In diesem Zusammenhang ist eine entscheidende Erkenntnis, dass eine Statistik selbst nicht gefälscht sein kann (!), da sie zu einhundert Prozent direkt kausal von der Datenbasis abängt. Eine Statistik kann nur Datenbasen irreführend auswerten und interpretieren – gefälscht wären allenfalls die Daten, auf denen sie beruht. Deren Unregelmässigkeiten zu entlarven ist, wie gesagt, mathematische Fleissarbeit.
So ist es entscheidend zu verstehen, wie Statistiken Grössen bilden und gegenüber stellen und wie sich inkonsistente Daten auswirken, ob nun Datenreihen unzulässig kombiniert oder inkompatible Grössen verglichen werden. Das Wissen über Distanzmessen und Umrechnen derer Masseinheiten ist Grundschulniveau – auch wenn eine NASA-Marssonde genau wegen einer solchen vergessenen Umrechnung von Zoll auf Meter drüben einer Gravitationsinsuffizienz erlag.

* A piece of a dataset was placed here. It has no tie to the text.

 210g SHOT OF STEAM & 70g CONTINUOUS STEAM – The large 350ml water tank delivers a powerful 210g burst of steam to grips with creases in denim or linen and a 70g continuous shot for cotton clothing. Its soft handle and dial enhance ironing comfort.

Kommunikation findet nur unter gleichen statt
Unsere modernen Probleme, ob chemischer, physikalischer oder sozialer Natur, entziehen sich leider dem Zollstock. Ohne elementares Verständnis der Zusammenhänge von Physik und Chemie lässt sich bei Umweltthemen keine vernünftige Argumentation führen. Ohne grundlegendes Wissen über Funktionen, Wahrscheinlichkeits-Mathematik und Spielthorie ist es nicht möglich, gefühlsfrei abstruse von konsistenten Ableitungen zu unterscheiden. Selbst mit ist es ein Spaziergang in der Schwerelosigkeit – allerdings angeleint, immerhin.

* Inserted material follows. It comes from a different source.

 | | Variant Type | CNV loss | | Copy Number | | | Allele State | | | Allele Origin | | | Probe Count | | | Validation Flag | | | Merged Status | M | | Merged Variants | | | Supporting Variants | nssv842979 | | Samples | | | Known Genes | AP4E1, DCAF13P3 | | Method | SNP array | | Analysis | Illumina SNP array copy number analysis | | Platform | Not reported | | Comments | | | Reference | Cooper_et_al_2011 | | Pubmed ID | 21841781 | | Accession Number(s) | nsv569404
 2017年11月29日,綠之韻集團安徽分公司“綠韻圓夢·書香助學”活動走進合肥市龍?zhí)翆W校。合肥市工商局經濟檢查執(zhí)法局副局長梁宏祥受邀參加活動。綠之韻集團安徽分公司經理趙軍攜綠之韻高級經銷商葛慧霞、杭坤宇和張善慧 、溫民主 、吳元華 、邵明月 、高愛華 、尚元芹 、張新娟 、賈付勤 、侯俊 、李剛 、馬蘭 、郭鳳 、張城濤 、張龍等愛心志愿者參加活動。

So erwische ich mich immer mehr dabei, dass ich Glaubensthesen «moderner alternativer Wahrheiten» umgehend keine Nahrung mehr biete, dafür mir ein kleines Schnipsel des akuellen Themas heraus picke und anhand dessen einen Anschauungsunterricht versuche, wie man sein eigenes Denken prüfen kann. Konsequenterweise begänne das bei der Erkenntnistheorie – wenn das Gegenüber aber nach 30 Minuten geistig erschöpft ist, lassen sich Argumentationsfundamente nur rudimentär korrigieren.

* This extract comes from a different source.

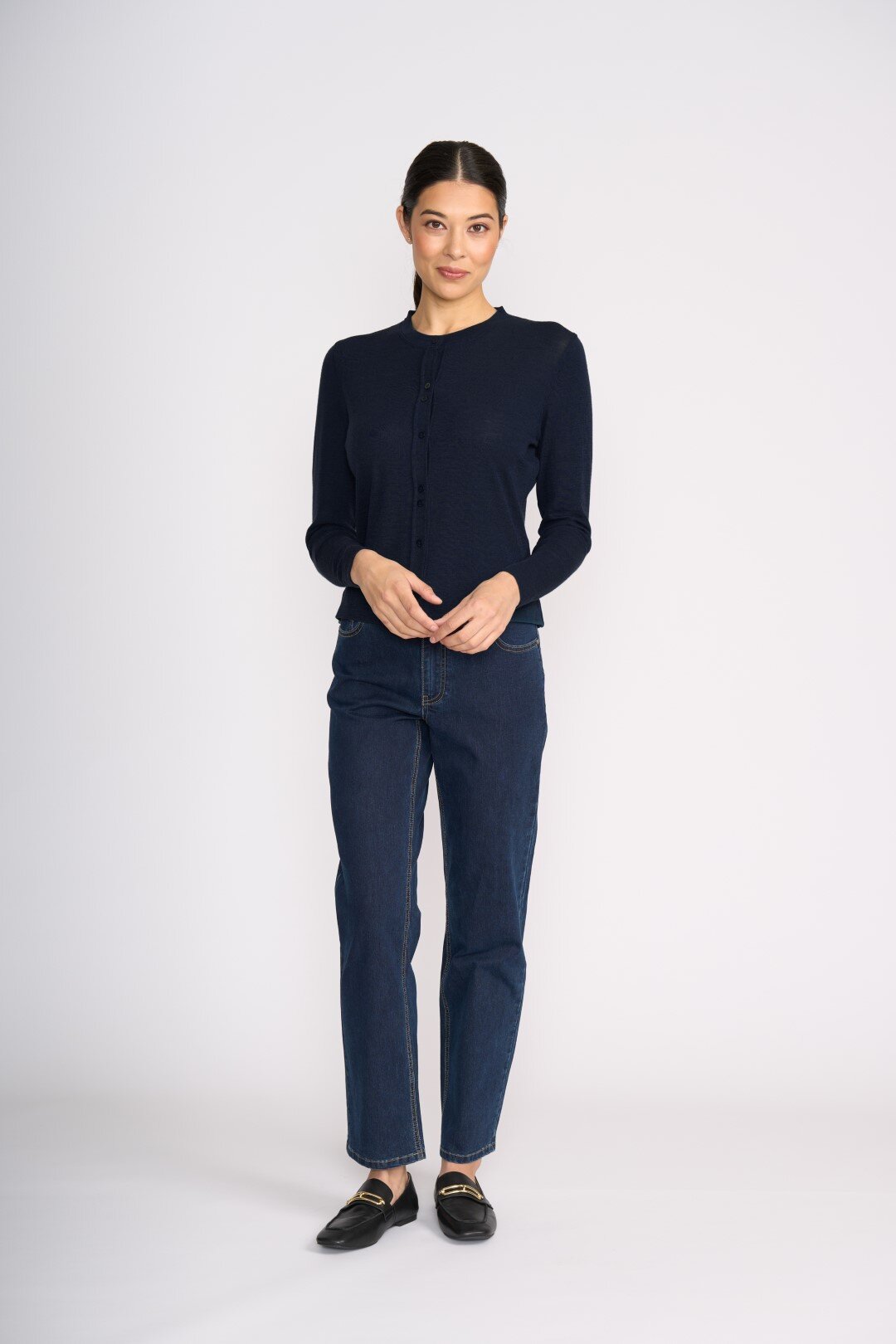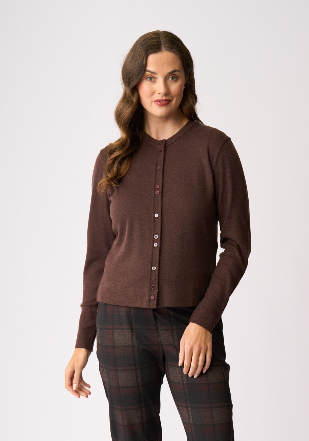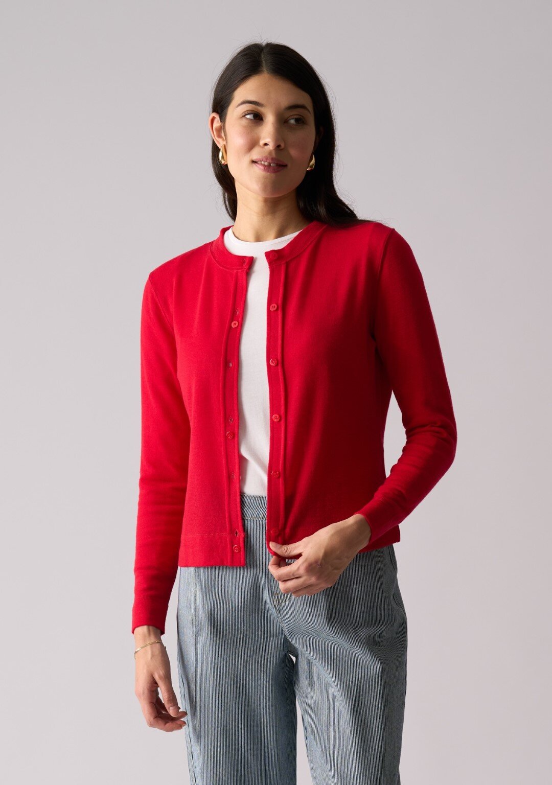 Merino wool cardigan with cluster button detail and closure

Es führt nichts an der Erkenntnis vorbei, dass es sinnlos ist, über gemessene Längen zu streiten, wenn jemand sein Zollband für metrisch hält. Kommunikation und Wissen benötigt zum Austausch gemeinsame Definitionen. Geschickt an die Hand genommen lassen sich Grundfeste neu platzieren, wo mit der Zeit irrationale Pfeiler in der Haltlosigkeit enden.
Epilog
Ist es nun überheblich, Menschen so zu betrachten? Wird es überheblich, sobald ich manipulierend wirke? Ich leiste mir als humanistischer Überzeugungstäter hier einen Anstecher ins Alte Testament: Der Zweck heiligt die Mittel. Wer nicht hören will, muss begreifen. Wer mir einen Mist erzählt, fällt selbst auf mich herein. Jede Wahrheit beginnt mit einer kleinen Manipulation. Wer den Zentimeter nicht ehrt, ist den Zoll nicht wert. Lieber die Wahrheit an der Hand als den Bhaupti auf dem Dach. Der erste Schreihals kriegt die Aufmerksamkeit, der zweite thermodynamische Satz hat immer Recht. … Ich hör‘ jetzt auf, bevor’s richtig blöd wird.